America is not a nation that likes to drive old cars — at least we weren’t until the financial crisis.
But ever since the end of the crisis, and the beginning of a booming recovery in the US auto market, we’ve been doing just that.
Since about 2009 the age of a car or truck on US roads has steadily averaged about 11 years — ancient, by American standards.
Throughout the industry, the expectation has been that this average vehicle age will drop, as American’s replace the old cars and pent-up demand from post-crisis period is satisfied.

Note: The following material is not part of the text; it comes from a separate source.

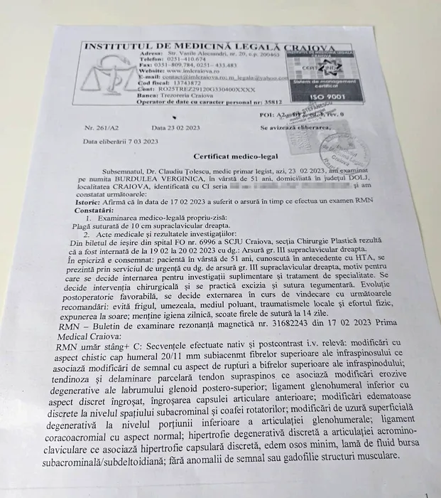 Acuzații GRAVE la adresa unei clinici din Craiova: O pacientă spune că a suferit o arsură de gradul III în timp ce făcea un RMN

However, it doesn’t look like that’s happening. This is from Bloomberg auto reporter Jamie Butters:
Even as U.S. sales of new vehicles roll along at record highs, improved durability continues to extend the average age of autos on the road. That age is 11.6 years, said [IHS Markit’s Mark Seng], up from 11.5 years in 2015. The average age increased about 3 per cent during the five years before the recession that depressed sales in 2008 and 2009, leading to the bankruptcies of General Motors and Chrysler.
Market observers had expected that a lot of older cars would be retired due to a technology gap. Ten or 15 years ago there’s wasn’t that much of a technology difference between a new car and one that was a decade old.
That’s not true these days. Today’s new cars, with infotainment and driver-assist technology, and even self-driving features can make a vehicle that’s just a few years old seem like it runs on steam.
However, a need for affordable mobility appears to have overcome that expectation, and — in truth — a car that’s a decade old was probably still designed and engineered well enough to make it to 200,000 miles on the odometer, if it’s well cared for.
So, it seems, we’re turning into a country that drives pretty old cars for a while longer.
Of course those older vehicles will also be replaced, eventually. So the pent-up-demand driver of the US auto market isn’t quite ready to go away.